Earlier, the five parties agreed on a text of a coalition agreement that sets out the grouping's manifesto for change in Ukraine. The negotiations over the agreement lasted for practically a month after the parliamentary elections on October 26, with rumors of political tensions between President Petro Poroshenko and current Prime Minister Arseniy Yatsenyuk.
Poroshenko’s Bloc of Poroshenko has the biggest faction in parliament of 146 MPs, but Yatsenyuk’s Popular Front, with a faction of 83 MPs, won the popular vote in the October 26 elections. However, due to Ukraine’s mixed proportional/constituency voting system, where half the Rada’s 450 seats are awarded under party lists, and half in majority elections in constituencies, the Bloc of Poroshenko ended up with many more seats in parliament than the Popular Front.
Meanwhile, there is a heavy police presence near the parliament building to maintain public order. Earlier civil activists promised to prevent MPs who voted for the “Dictatorship Laws” of January 16 from entering the parliament.

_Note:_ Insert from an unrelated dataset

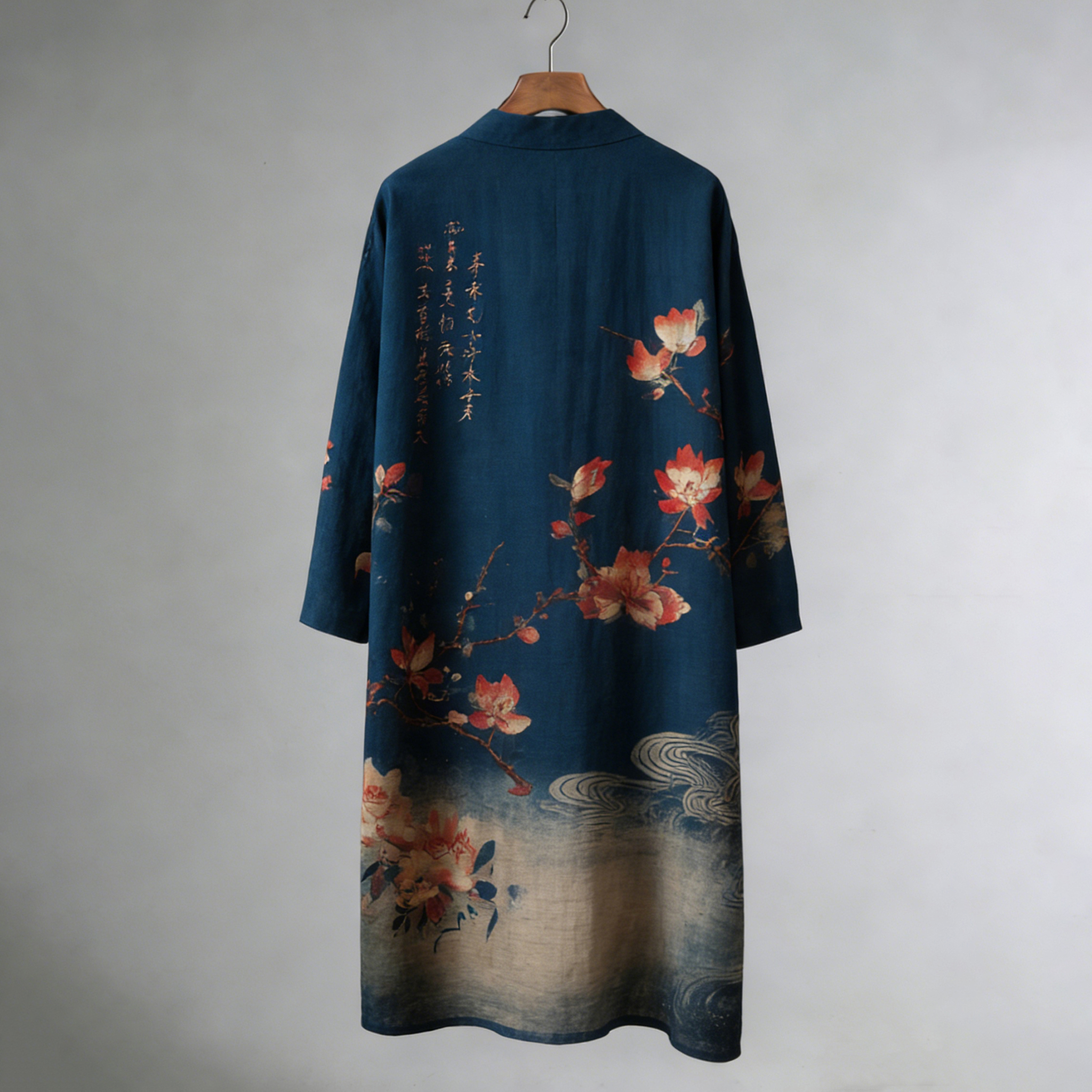 Japanese Floral And Calligraphy Pattern Linen Blend Long Kimono
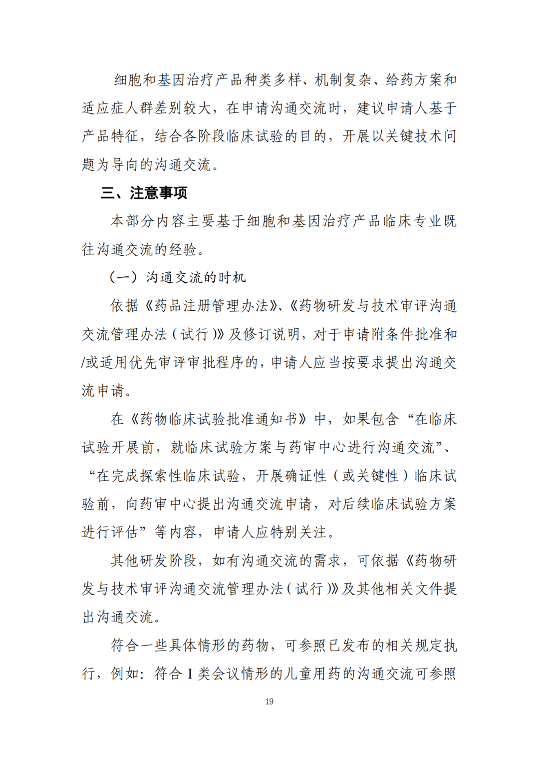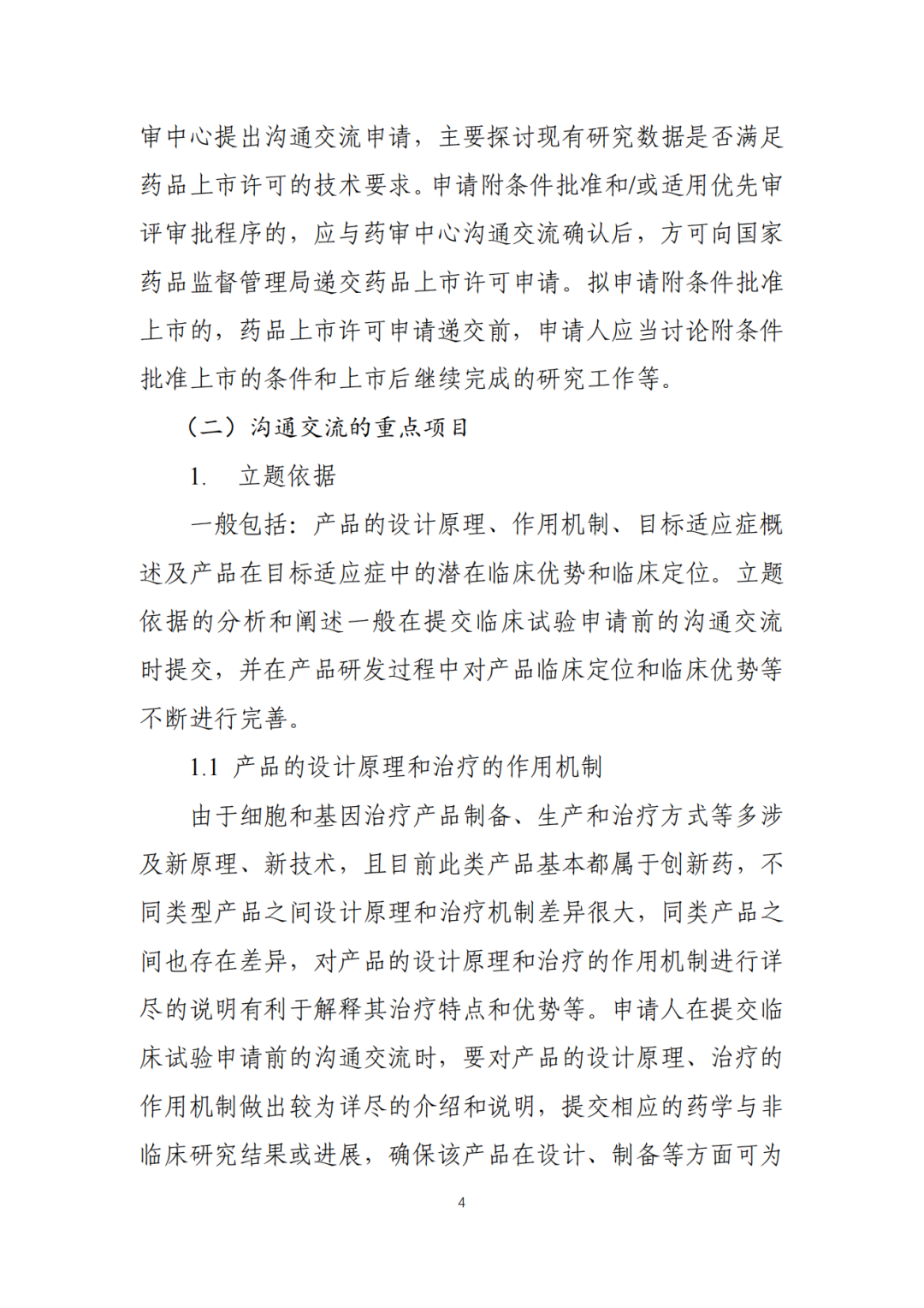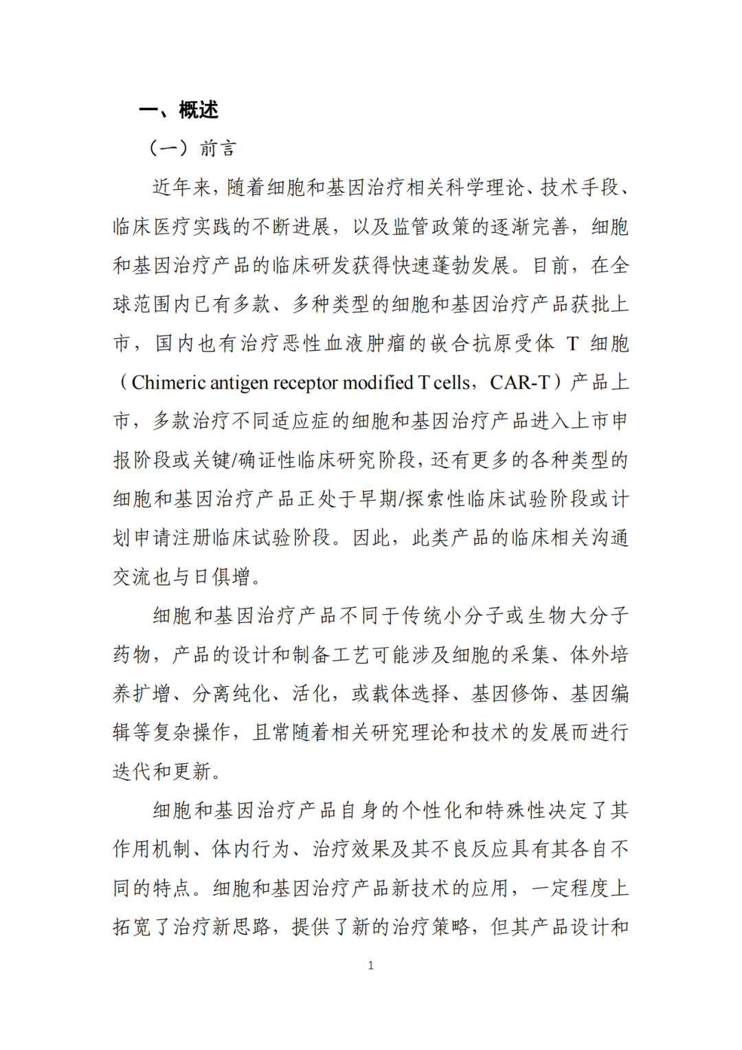 为指导和规范细胞和基因治疗产品临床研发过程中沟通交流的资料准备和临床研发要素考虑等工作,以提高沟通交流效率,促进细胞和基因治疗产品的临床研发,药审中心组织制定了《细胞和基因治疗产品临床相关沟通交流技术指导原则》(见附件)。根据《国家药监局综合司关于印发药品技术指导原则发布程序的通知》(药监综药管〔2020〕9号)要求,经国家药品监督管理局审查同意,现予发布,自发布之日起施行。

More than 60 MPs from the previous parliament who voted for these laws have been re-elected. The laws, which were put forward by supporters of then President Viktor Yanukovych, were modelled on Russian laws that grant the president strong powers and significantly restrict civil liberties.
The passing of the laws on January 16 is one of the factors that sparked the violent response from Ukrainian protesters on January 19 to Yanukovych’s efforts to quell opposition to his regime.